Des réactions révélatrices
Comment savoir que l’homme désire mettre fin à une relation? Plusieurs façons seraient révélatrices. En voici les quatre les plus courantes qui le montrent.
n Il disparaît sans prévenir: pas de discussions difficiles et gênantes. Monsieur n’a même pas à réfléchir et trouver une bonne raison ou un faux prétexte. Il disparaît. Vous n’entendrez plus jamais parler de lui quitte à ce qu’il change ses coordonnés et se refasse une nouvelle identité. Cette méthode est surtout utilisée avec des femmes de passage, celles dont on est sûr de ne pas recroiser le chemin.
n Il reste pour la forme: il se retire de la relation mentalement, sexuellement et émotionnellement parce qu’il n’a pas le courage de claquer la porte et de partir. Il laisse le couple agoniser. Il s’implique de moins en moins. S’adonne plus à son travail et à des activités individuelles. Il peut même aller jusqu’à renoncer à toute vie sexuelle ailleurs, ne pas être quitté par sa compagne officielle étant sa priorité.
n  Il triche et trompe: non seulement il est lâche pour rompre, mais il devient infidèle tout en vous gardant dans sa vie. Il n’hésitera pas à vous jurer amour et fidélité en vous regardant droit dans les yeux. Il mène double vie, voire plusieurs vies, sans remords ni mauvaise conscience. L’important est de ne pas bousculer son traditionnel mode de vie. S’amuser, flirter oui. Mettre sa vie de couple en danger non.

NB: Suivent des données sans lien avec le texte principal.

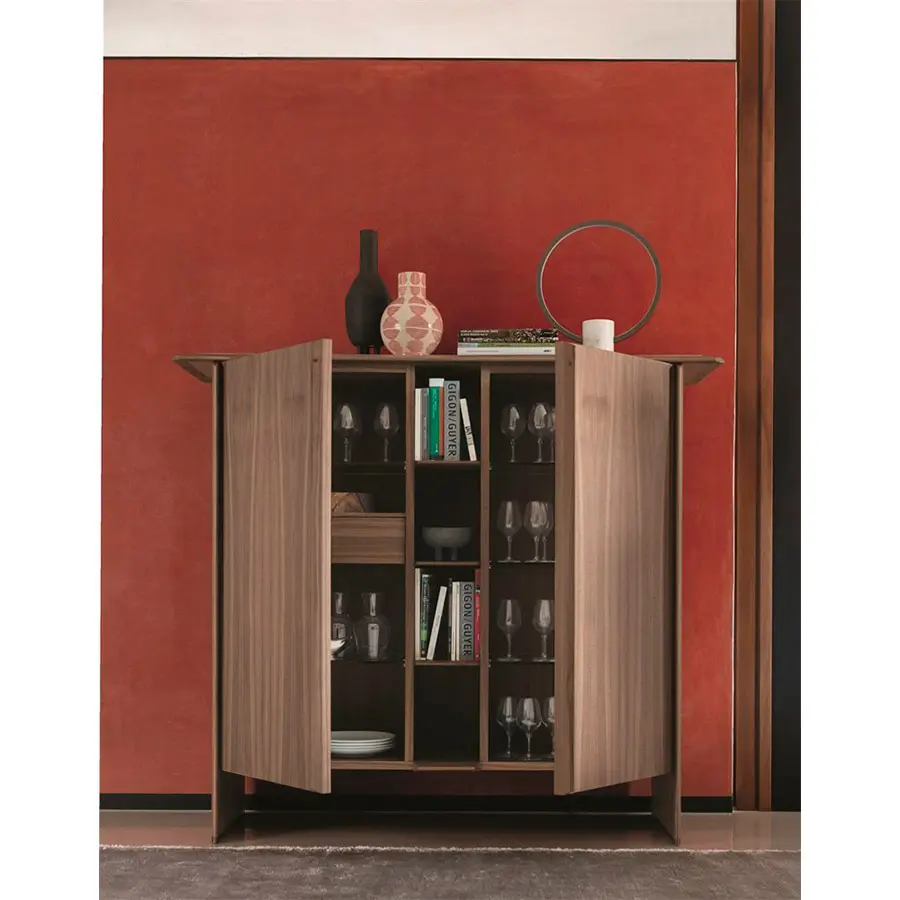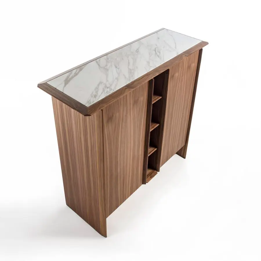 Aparador en nogal canaletta con bordes de madera maciza y tapa de madera, de mármol o de Rock. Equipado con dos compartimientos con puerta. En el compartimiento de la izquierda están un cajón con dos repisas de cristal transparente, mientras que en el de derecha están tres repisas de cristal transparente. Compartimiento central abierto con dos repisas de madera. Laterales con pies en latón bronceado cepillado. 164x56x145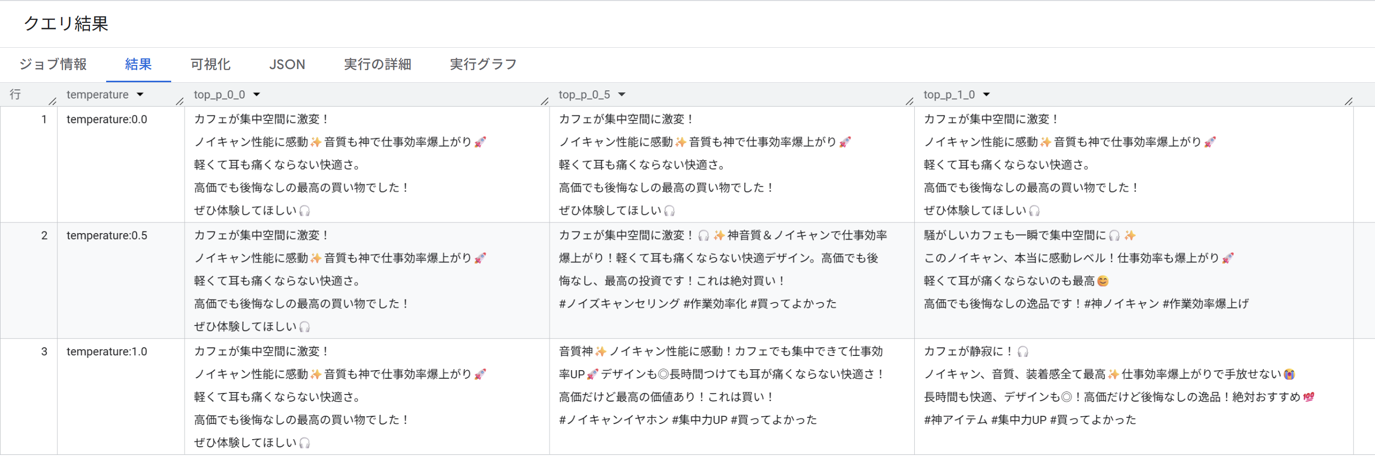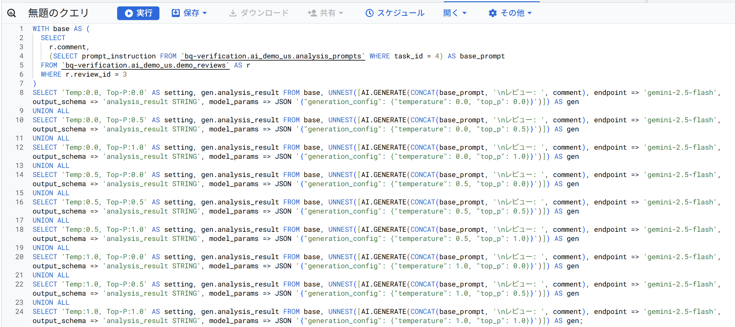 あまり美しくない、いかにも「力技」なクエリですが、temperatureやtop-pといったパラメータは、レビューのデータやプロンプトのようにテーブルで与えることはできず、1回のGemini呼び出しに対し、固定で指定する必要があるので、この書き方となりました^^;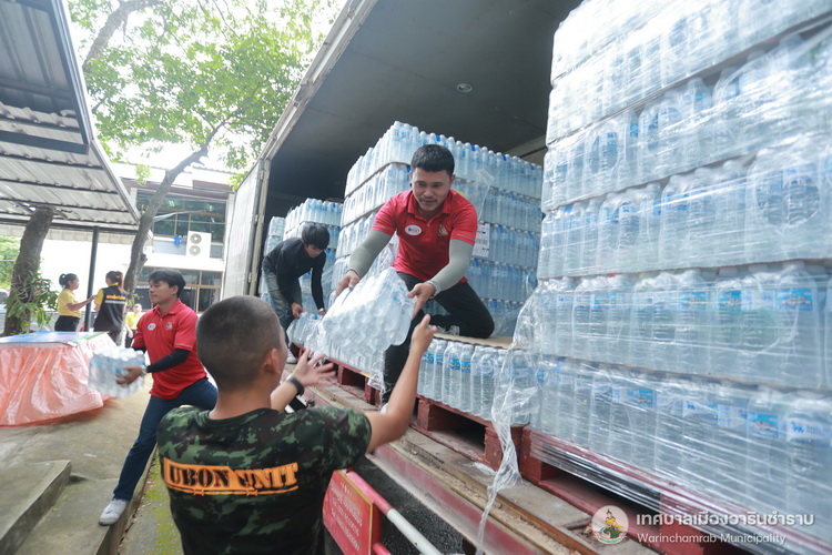 วันที่ 25 กรกฎาคม 2568 เวลา 14.00 น. สมาคมสันนิบาตเทศบาลจังหวัดอุบลราชธานี โดยมีนายจีระชัย ไกรกังวาร นายกเทศมนตรีเมืองวารินชำราบ ในฐานะประธานสันนิบาต เทศบาลจังหวัดอุบลราชธานี พร้อมด้วยนายสมาน ทวีศรี นายกเทศมนตรีตำบลห้วยเรือ และหัวหน้าส่วนราชการมอบน้ำดื่ม จำนวน 2,222 แพ็ค เพื่อสนับสนุนการปฏิบัติหน้าที่ของเจ้าหน้าที่ทหาร และช่วยบรรเทาความเดือดร้อนของพี่น้องประชาชนที่ได้รับผลกระทบจากสถานการณ์ชายแดน ณ กองพันทหารราบที่ 2 กรมทหารราบที่ 6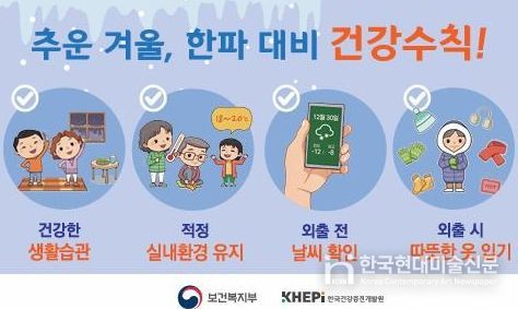 겨울철 한파 대비 건강 수칙으로는 △실내 적정 온도(18~20℃) 및 습도(40~60%) 유지 △ 외출 전 체감온도 확인 △ 외출 시 방한용품 착용 등이 있다.

n Il joue au salaud: au fond de lui, il souhaite que ce soit madame qui rompe. Si elle ne le fait pas, la relation peut perdurer éternellement. Il est provocateur, agressif, froid. Il n’hésite pas à en faire voir – à sa compagne – de toutes les couleurs, n’hésitant pas non plus à draguer devant celle qui partage sa vie. Il laisse pourrir la situation espérant que madame aura le courage de le quitter, chose que, lui, ne fera jamais. 

Danièle Gergès
 

Des agences qui rompent pour vous
C’est en Allemagne qu’a vu le jour l’agence Rupture, fondée par Bernd Dressler. Sa mission: rompre à votre place. En contrepartie, il suffit de payer l’agence pour le service effectué. Dressler explique que cela se passe en toute simplicité. Il se présente à la porte du conjoint ou du partenaire de son client et lui explique en à peine deux minutes que son client ne désire plus poursuivre la relation et souhaite mettre un terme à leur histoire. C’est simple, rapide, concis et ce Bernd Dressler se dit être seulement le messager. Il n’a à justifier ni à consoler. Son travail est de transmettre le message. Pour répondre aux besoins de ses clients, le patron de l’agence a créé plusieurs forfaits différents, car bien que tous veulent rompre, le message à faire passer n’est pas toujours le même. Par exemple, il existe un forfait pour les gens qui veulent rompre, mais qui désirent rester amis. Le concept a eu un tel succès qu’il existe désormais dans plusieurs pays en Occident.